There’s been a lot of press about the water quality the sailors will have to compete in and for good reason. Ryan said there was definitely a “distinct smell” when they competed in a test event earlier this month. “The Marina itself has two sewerage outlets flowing directly into the Bay,” he said. “I think they put a gate on it for the week we’re there.”

To ensure they stay healthy, members of the Aussie sailing team have been taking Blackmores multivitamins. As for the event site itself, the conditions will be tricky. There’s actually seven courses — some in protected waters and others in open sea. It should make for even competition. At the test event there were nine teams in contention to win after six days of competition. But our boys won of course.

THEY KNOW THEIR SPORT CAN BE HARD TO WATCH

They know, they know, highlights from the sailing are never going to dominate your evening sports bulletin. But give the sport a chance when you’re tuning into next year’s Olympics.

“Sailing has always struggled as a sport because it can be quite boring, particularly to watch on TV,” Belcher said. “If there’s not much wind … we’re not travelling that fast and it’s really hard to say who is winning in the race because of the positions and the angles involved.

“It’s also difficult to explain to the viewer the types of decisions we’re making on-board. But it’s going to improve. It’s made a big step since London and we’re excited about some of the things Channel 7 are going to do next year.”

THEY’RE FITTER THAN YOU THINK

Sailing might not have a reputation as one of the most physically-demanding sports, but it should.

Belcher and Ryan are in constant motion during a race and will complete about 15 hours of race time over the seven days of competition in Rio.

“The energy we’re outputting is on par with some of the world’s top cyclists,” Ryan said. “We need to be quite skinny … and quite agile as well. Be able to respond quickly but also have the endurance to perform over an entire week.”

To keep fit, Ryan spends his spare time cycling, kitesurfing and rock-climbing. Belcher is a road warrior, planning to tackle a half marathon at the Blackmores Sydney Running Festival in a fortnight.
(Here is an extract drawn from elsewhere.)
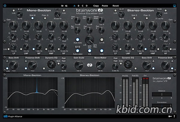 还在为混音缺乏立体深度而头疼?bx_digital V3 绝非普通均衡器,它是手术刀级的立体声操控大师!这款由 Brainworx 打造的母带级神器,以颠覆性的 Mid/Side 处理技术为核心,让你独立雕琢单声道核心与立体声场。独特的三段式均衡配以精密"Tilt"音色倾斜控制,搭配一键低频单声道化(Monobass)和超低频噪音铲除(BassDump),彻底解决相位难题。更可自由伸缩声场宽度,为不同音轨注入模拟饱和质感——从人声总线空气感到鼓组冲击力,一键解锁专业级混音张力。母带终极武器,现已降临!
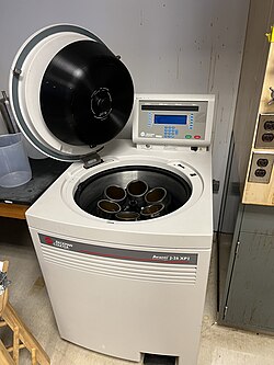 Важным инструментом в биохимических исследованиях является центрифуга, которая за счёт быстрого вращения создает высокие центробежные силы на взвешенные частицы или даже молекулы в растворе и вызывает разделение таких веществ на основе различий в весе. Таким образом, эритроциты могут быть отделены от плазмы крови, ядра — от митохондрий в клеточных гомогенатах, а один белок — от другого в сложных смесях. Белки разделяются с помощью ультрацентрифугирования — отжима с очень высокой скоростью; при соответствующем фотографировании белковых слоев по мере их формирования в поле центробежной силы можно определить молекулярную массу белков.

THE AUSSIE SAILING TEAM KNOWS TRANSITION

Australia is going for its third consecutive gold in the 470 class, having nailed a formula which deliver success. Every four years they swap out one member of the team for a younger, hungrier sailor to ensure they stay driven.
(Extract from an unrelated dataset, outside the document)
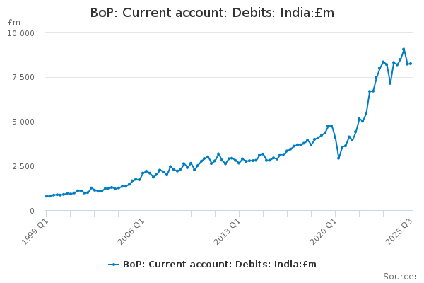 Download this time seriesBoP: Current account: Debits: India:£m

In Beijing it was Nathan Wilmot and Malcolm Page, in London it was Page and Belcher and now it’s Belcher and Ryan. “Malcolm said when he transitioned from his former partner to me he wanted a younger model — someone a bit younger, smarter and better-looking,” Belcher said. “I’ve done the same. I’m sure I’ll be chucked out when my time is done. It’s a great legacy we have.”

The constant throughout the years is master coach Victor Kovalenko, who is aptly nicknamed “The Medal Maker”. Kovalenko has been instructing Aussie sailors to “trust yourself and follow your dreams” for almost 20 years now and has a swag of medals to show for it. “He’s not only our coach but our mentor and a really good friend of ours. He gives everything for us,” Belcher said.

IT HASN’T ALL BEEN SMOOTH SAILING

At least for Belcher anyway. He started seriously chasing his Olympic dream back in 2000 after being given the honour (as a junior world champion in his sport) of carrying the Olympic flag at the closing ceremony in Sydney.

He worked his way to number one in the world ahead of Beijing only to see national selectors hand Australia’s sole berth to Page and partner Nathan Wilmot. Page and Wilmot had finished 12th at the 2004 Games but won the test event for Beijing and in what must have been one of the biggest selection calls in Australian Olympic history got the nod in 2008.

They validated the decision by winning gold, but it was a bitter pill to swallow for Belcher. “I was disappointed,” he said. “I spent eight years trying to get to the Olympics and got to world No. 1.

“I walked away from the sport for 12 months but during the games (where he worked as a commentator) I realised I wanted to keep going.” So he talked Page (who he says “was a little bit drunk at the time”) into continuing on to London and the rest is history.